To start the party off...

Sep 02, 2005 10:10


...I'll link to a paper on epistemology that I finished recently:  Justified Belief or Knowledge? A Task for Epistemology.

This paper deals with the internalism/externalism debate, and the crucial question of whether the justification of belief can apply prior to a notion of knowledge.  What is knowledge?  Does it actually fall under the genus of belief?  Can either externalism or internalism provide an account of justification without presupposing a notion of knowledge?  I argue that any such attempts at accounting for justification in the 'justified, true belief' model of knowledge reduce that model to a circular definition.  To excerpt from the paper:

The lack of a satisfactory answer to the question of what kind and degree of justification is necessary for a true belief to count as knowledge has driven some contemporary epistemologists to abandon the search for knowledge as such and focus their efforts instead on the nature of belief justification.  They then present theories of internalism, externalism, foundationalism, coherentism, or some combination thereof to account for what it is for a belief to be justified.  Laurence Bonjour, for instance, defends a traditional ‘internalist foundationalism’, in answer to the question of whether we ever have good reasons for supposing our beliefs are true.  Ernest Sosa argues, in contrast, for an ‘externalist virtue theory’ of justification, a view characterized by providing justification outside of the agent’s cognitive awareness, and focusing instead on the reliability of the agent’s own epistemic virtues (which he need not grasp internally).  The question is whether one’s beliefs are justified by reasons internal or external to one’s mind.

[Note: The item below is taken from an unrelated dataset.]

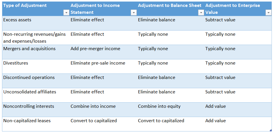 Financials must be adjusted to allow for apples-to-apples comparisons. Typical adjustments include (see table):- Excess assets – In some cases, the comparable company holds assets not essential to its core business. Such assets should be removed from the income statement, balance sheet, and cash flow statement. (Excess cash is also considered a non-operating asset, but since it is difficult to measure precisely, it is usually fully deducted in formulas.)

But is this question of the rationality of our beliefs actually the main one to address in epistemology, or is there something more basic to settle first?  I will argue that a problem in both the internalist and externalist positions arises from a presupposition of knowledge, and that to focus on justification in this sense while brushing aside the concept of knowledge (as an overly complicated species within the genus of belief) is to pursue epistemology down the wrong path, or at least to walk that path prematurely.  Philosophers should rather focus on the concept of knowledge itself, starting from scratch - that is, without presupposing its definition as ‘justified, true belief’.  This complete separation of belief from knowledge could open up a new frontier for epistemology, as we might then study what it is to truly know something without the problem of a ‘justification’ that must in itself presuppose an account of knowledge that we do not yet have.